Lazarus, with music and lyrics by David Bowie and book by Enda Walsh, is inspired by Walter Trevis' novel The Man Who Fell to Earth and centers on Thomas Newton, an alien who "remains still on Earth—a 'man' unable to die, his head soaked in cheap gin and haunted by a past love. We follow Newton during the course of a few days where the arrival of another lost soul might set him finally free." Bowie played the role of Newton in a 1976 film adaption directed by Nicolas Roeg.

The musical premiered Off-Broadway in 2015 at New York Theatre Workshop (also the original home of Walsh's Broadway-bound Sing Street) helmed by Tony Award winner Ivo van Hove, before moving to London’s King’s Cross Theatre. The production, starring Michael C. Hall and Sophia Ann Caruso, was filmed and will be streaming January 8-10 to mark Bowie's birthday and the fifth anniversary of his death.The following essay was written by Walsh for the London program of that 2016 production. In it, he talks about the first meeting with Bowie on their collaboration, the creation and themes of the piece and of the character Newton—a character in torment and finally at peace.

David Bowie had passed me a four-page document to read so we could begin our discussions on writing a new story with his songs—and based upon the character of Thomas Newton from the Walter Tevis novel The Man Who Fell To Earth—which David had famously played in the Nicolas Roeg film. In the room was the theatre and film producer Robert Fox and David’s right hand, Coco Schwab. As I started to read those four pages, the room was very quiet.

Earlier, I had been feeling very calm and detached as I walked towards David’s building with Robert—as we stood in the elevator—as that ridiculously wide office door opened and Mr.

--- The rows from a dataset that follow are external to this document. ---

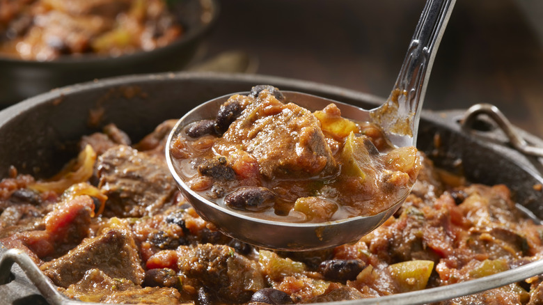 Chef Taus is right to recommend cooking the skirt steak separately before adding it to the chili at the end. After all, skirt steak cooks quickly, and an overcooked skirt steak (or any steak, really) can ruin a dish, becoming tough and chewy — and no one wants that. So, it's best to err on the side of caution and allow your meat to rest before incorporating it into the finished dish.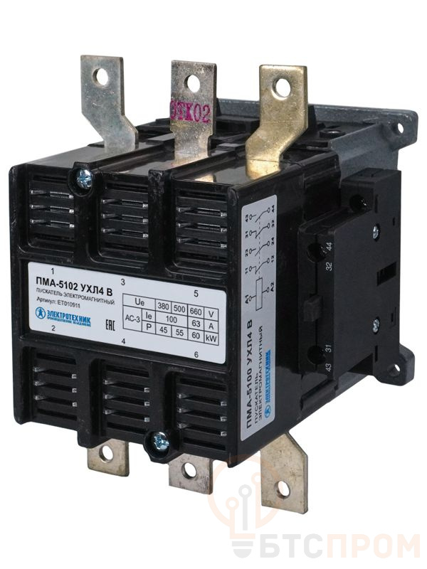 Пускатель электромагнитный ПМА-5102 УХЛ4 от производителя "Электротехник" — это надежный аппарат для управления и распределения электроэнергии в промышленных сетях. Предназначен для дистанционного пуска, остановки и защиты трехфазных асинхронных электродвигателей. Номинальный ток составляет 100А при напряжении до 380В. Коммутационная схема включает 2 нормально разомкнутых (2НО) и 2 нормально замкнутых (2НЗ) контакта, что обеспечивает гибкость в построении систем управления. Исполнение УХЛ4 гарантирует стабильную работу в условиях умеренного и холодного климата. Степень защиты IP00 требует установки в защищенных щитовых помещениях. Идеально подходит для использования в системах автоматизации производственных линий, станков, вентиляционного оборудования и насосных станций.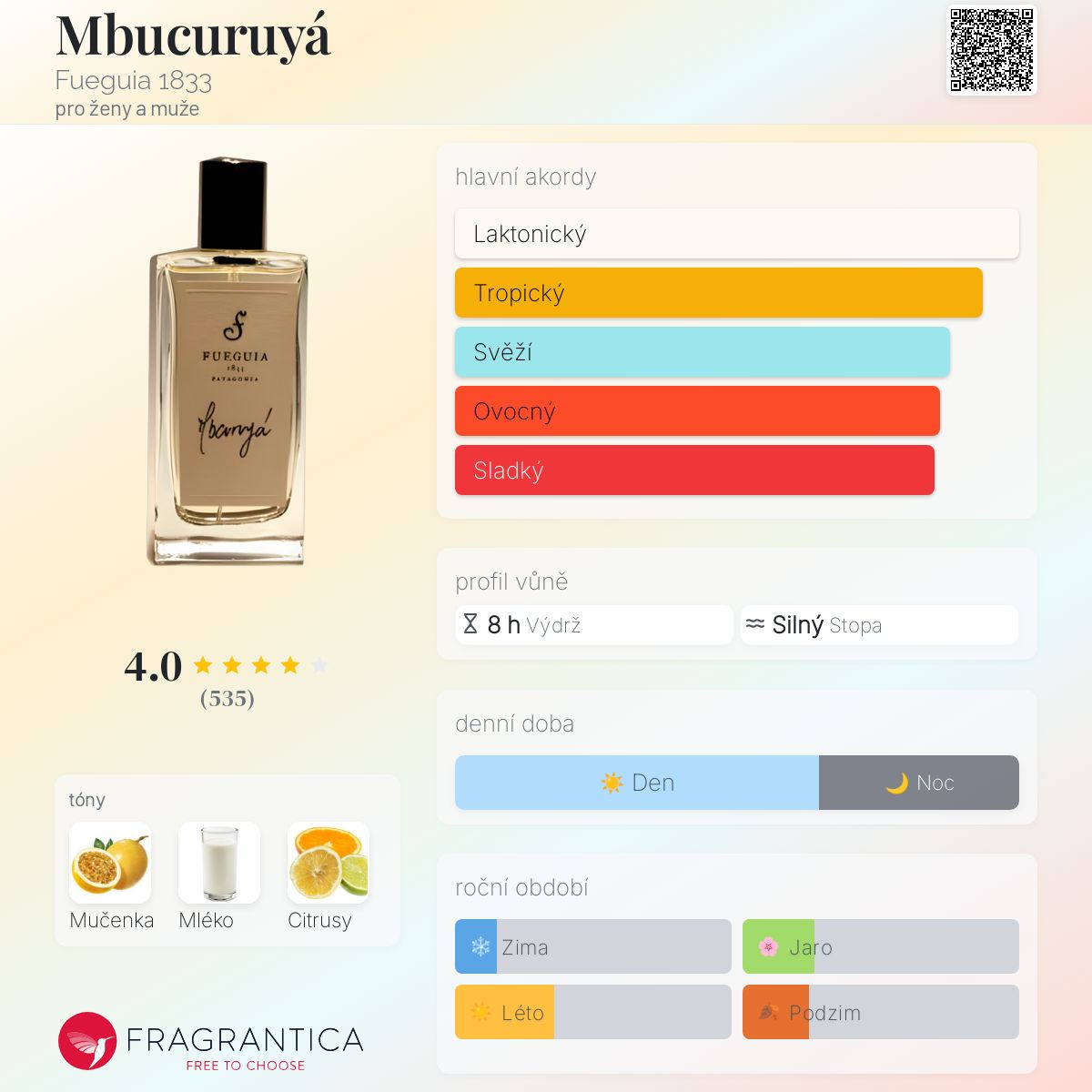 Mbucuruyá podle Fueguia 1833 je Floral Fruity Gourmand vůně pro ženy a muže. Mbucuruyá byl/a uveden/a v roce 2010. "Nosem" za touto vůní je Julian Bedel. Vrchní tón je Mučenka ; střední tón jeCitrusy ; základní tón je Mléko.

David Bowie was standing there. He hugged me and the first thing he said to me was—“You’ve been in my head for 3 weeks.” We sat and we chatted about my work (he had read everything) and why I was writing the way I was—and what themes kept returning into my plays like a nasty itch. I spent that whole morning and now this first hour of our first meeting in a state of serene self-confidence.

It was only at the moment when he said, “This is where I’d like to start”, when he pushed those four pages towards me—that I was hit with the realisation that I was sitting opposite this cultural icon—this man who had created so much and influenced so many. This bloody genius. David Fucking Bowie. I felt like a child—and at that point of silently ‘"eading"—a child who had once the ability to read words but had forgotten how to read. I scanned the first page and all I heard was interference—my own insecurities screaming at me.

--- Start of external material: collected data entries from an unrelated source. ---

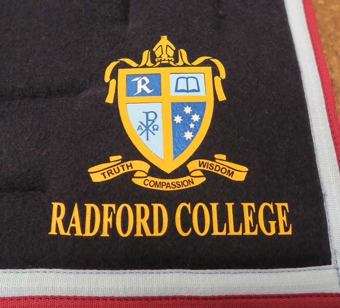 We also have an excellent embroidery service which offers your choice of fonts and colours to compliment your rugs, logos are also available but may incur a set up fee, please contact us for a quotation.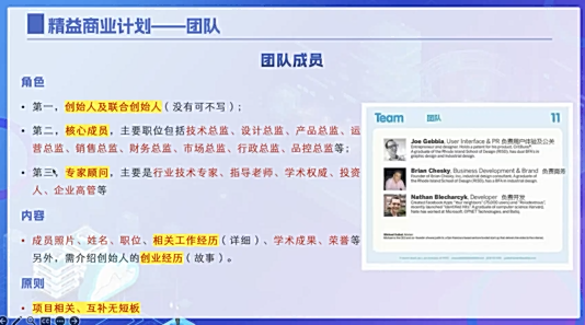 接著,從國賽專家構成資質、國賽評審規則等方面切入,明確投資人評估項目的關注點包括“想法”“產品”“團隊”“執行”四個方面,因此,一個成功的創新創業項目=好的想法+創新產品+優秀團隊+強有力的執行。進一步地提出商業計劃書撰寫十要素的核心邏輯,并以歷年國賽金獎、銀獎等優秀項目為例解析各個要素的精髓是什么、如何撰寫出好的商業計劃書、常用的商業計劃書撰寫工具等。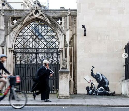 Popular artist Banksy created a graffiti mural in London depicting the current state of the UK censorship system using the courts to trample the rights of British citizens…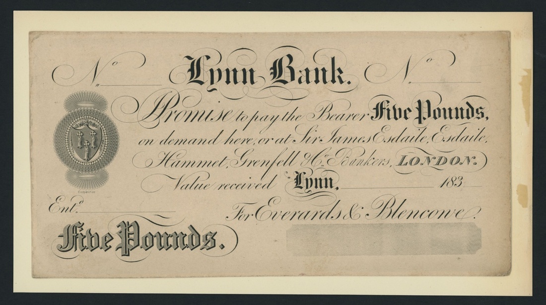 Lynn Bank, proof £5, Lynn, dated 183-, Everards & Blencowe are listed circa. 1826-1829 under Outing 1073 for King's Lynn (or Lynn Regis), however notes are 'not seen', uniface,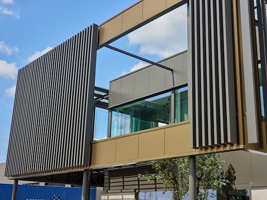 Centraal in het ontwerp staat de keuze voor het QuadCore AWP gevelpaneel met een bronzige, warmbruine Euromax-coating. Deze afwerking zorgt voor een luxe en opvallende uitstraling, die in het oog springt zonder schreeuwerig te zijn. De kleur vormt een krachtig contrast met de omgeving en onderstreept het professionele karakter van Jacobs Transport.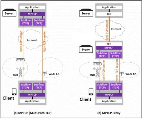 MPTCP는 Multipath TCP의 약자로, IETF Multipath TCP WG에서 표준을 주도하고 있으며, 기존 TCP Stream을 여러 개 묶어서 하나의 Application에서 데이터를 주고받는데 사용하는 프로토콜이다.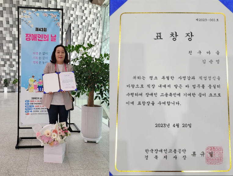 [미오림복지재단] 이용장애인 김순영 경북지사장상 표창(친구마을)
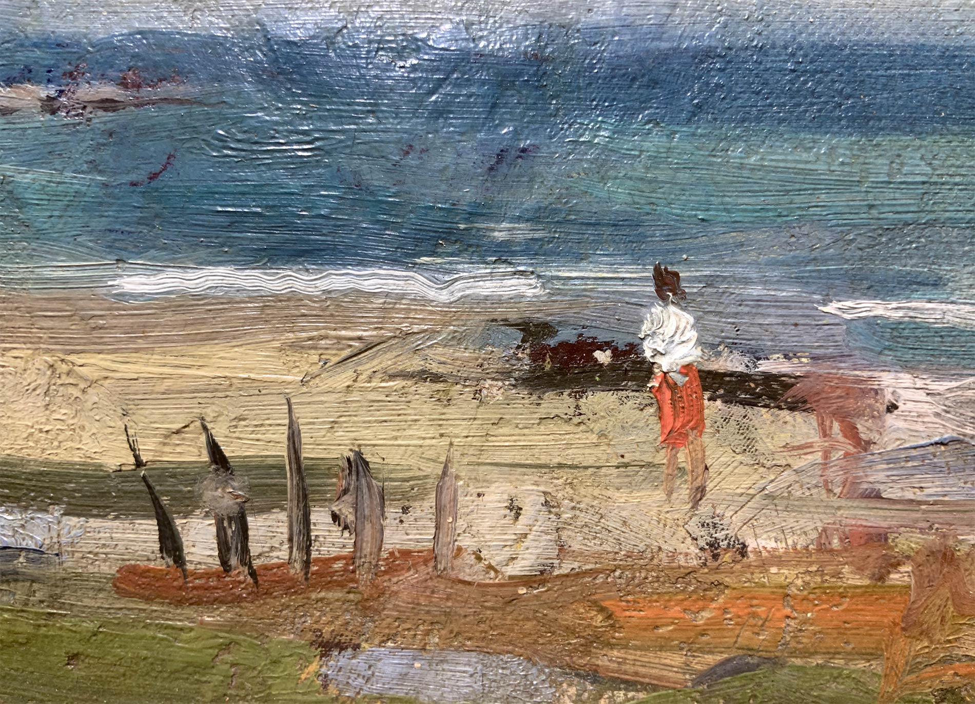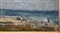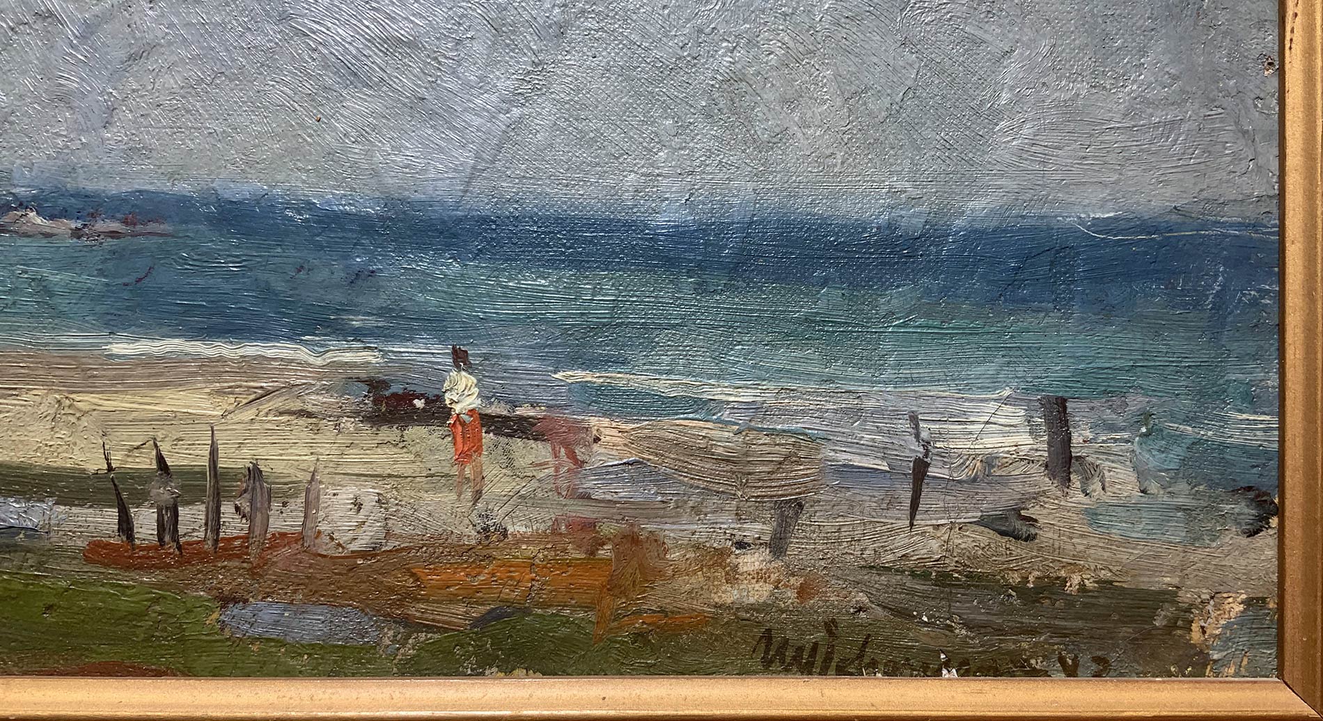 Dipinto ad olio su masonite raffigurante marina. Firmato Ulf Johansen (Stoccolma 1912- 1978) e datato 1943. Cm 25,5x54.

I stopped reading, took a deep breath and read from the first line again.

David had written three new characters around Thomas Newton (the stranded alien, seemingly immortal and definitely stuck). There was a Girl who may or may not be real; a ‘mass murderer’ called Valentine; and a character of a woman who thought she might be Emma Lazarus (the American poet whose poem The New Colossus is engraved on the base of the Statue of Liberty)—a woman in this case who would help and fall in love with this most traveled of immigrants—Thomas Newton.

At the centre of these four pages was a simple, powerful image. Thomas Newton would build a rocket from debris. His mind, having further deteriorated would torture and tease him with the dream of escape— and in his imprisonment—in his room in this big tower—Newton would try one last time to leave.

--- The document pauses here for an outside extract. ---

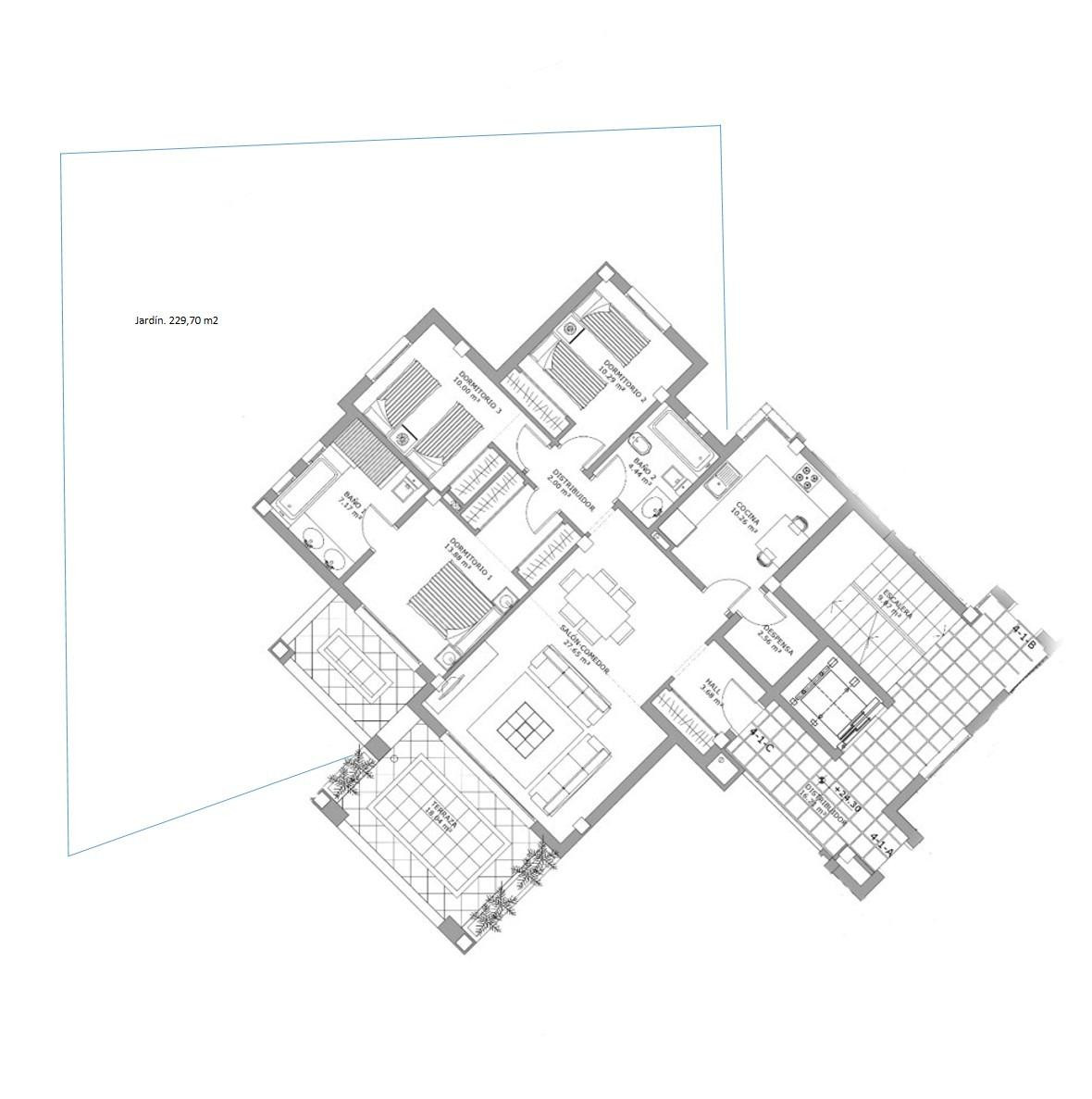 Profitez du soleil andalou sur deux terrasses totalisant 23 m² et un jardin privé de 229 m², revêtu de carreaux de céramique imitation bois – l’endroit idéal pour se détendre, se réunir ou profiter de moments en plein air.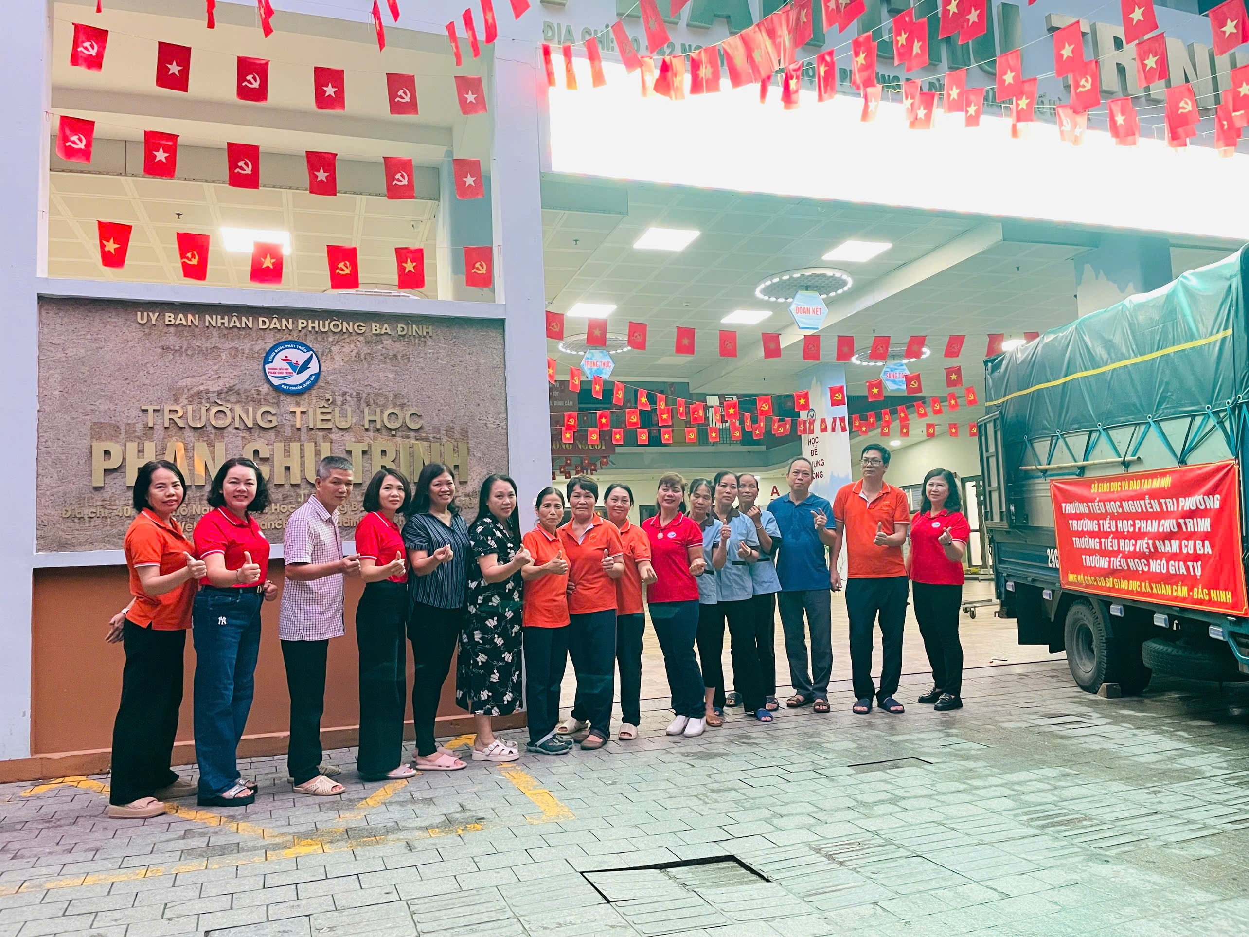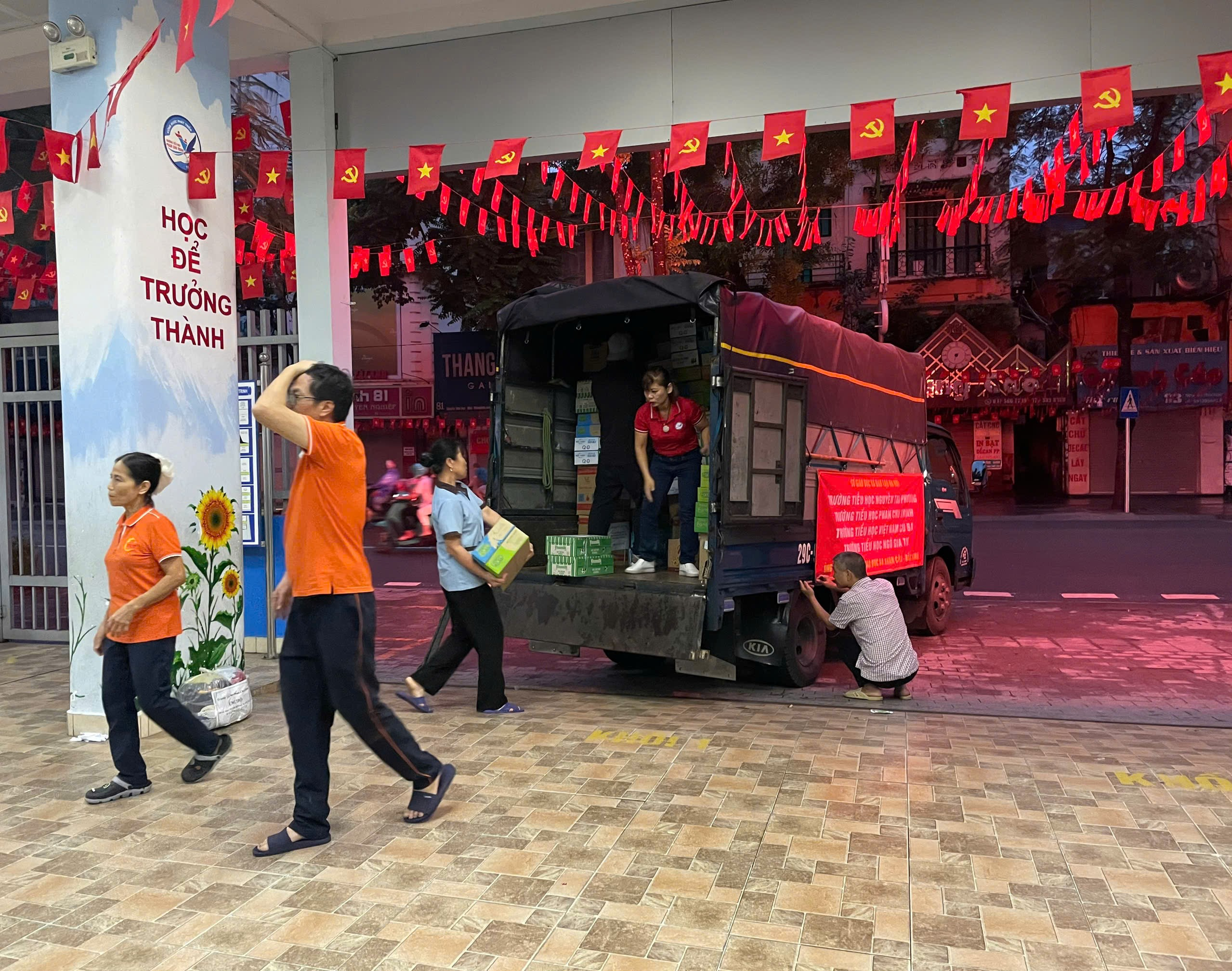 Chuyến đi mang theo tấm lòng sẻ chia, tình cảm ấm áp của thầy, cô giáo, phụ huynh học sinh và học sinh nhà trường – hướng về đồng bào miền Bắc đang chịu ảnh hưởng nặng nề sau bão số 10 và 11.

So this is where we started.

We talked around the characters and the themes of the book. On isolation and madness and drug abuse and alcoholism and the torment of immortality. And there was a lot of talk about the beauty of unconditional love and goodness. We talked about characters finding themselves out of control—about the story sliding into a murky sadness and quick violence—about characters having drab conversations about television snacks—the everyday bending quickly and becoming Greek tragedy. The celestial and the shitty pavement.

For the first few meetings Coco stayed silent and listened to us (until she couldn’t listen to us anymore maybe!) and then she asked, “Yeah but what happens?” It was a fair question and one that we would return to—but we weren’t there yet. We needed to get a sense of the themes of it and its atmosphere and its world. The narrative trajectory of a man wanting to leave Earth and being helped by some and stopped by others—this was there in the four pages and would remain in our story - but the events of the story would emerge later.

And then there were the songs.

David handed me a folder of lyrics and CDs he had put together. “Some of these you’ll know.” It was a bloody funny thing to say. We would hammer out the story together but initially he wanted me to choose the songs we would use. I guess he had lived with some of them for years and there must have been unshakable associations—maybe it would be easier for me to listen to them coldly from a purely narrative perspective.

His lyrics often arrive cut-up and opaque - so it was rarely about listening to the words and sticking it into the story. It was about the emotion, rhythm and atmosphere of those songs—and having the characters riding that wave and accessing their souls—where they could lyrically go to those strange places.

We talked about the form—the shape of the story arriving broken and a little shattered. We talked about a person dying and the moments before death and what might happen in their mind and how that would be constructed on stage. We started talking about escape but we ended up talking about a person trying to find rest. About dying in an easier way.

Newton would spend his last moments trying to stop a bullying mind that kept him living. Physically it didn’t matter to us whether he was on Earth or in the stars at the very end. We wanted Newton—in his terms—to feel at rest.

No matter how plays come out—you always end up talking about yourself. David was certainly the most superb shapeshifter—one of the greatest ever collaborators too—someone who could walk his colleagues in directions they’d yet seen—but for me he remained personal in his work and spoke about where he was at that moment in really truthful terms.

Lazarus arrived at both of us with its own swagger and shape and emotion. It’s a strange, difficult and sometimes sad dream Newton must live through—but in its conclusion—he wins his peace.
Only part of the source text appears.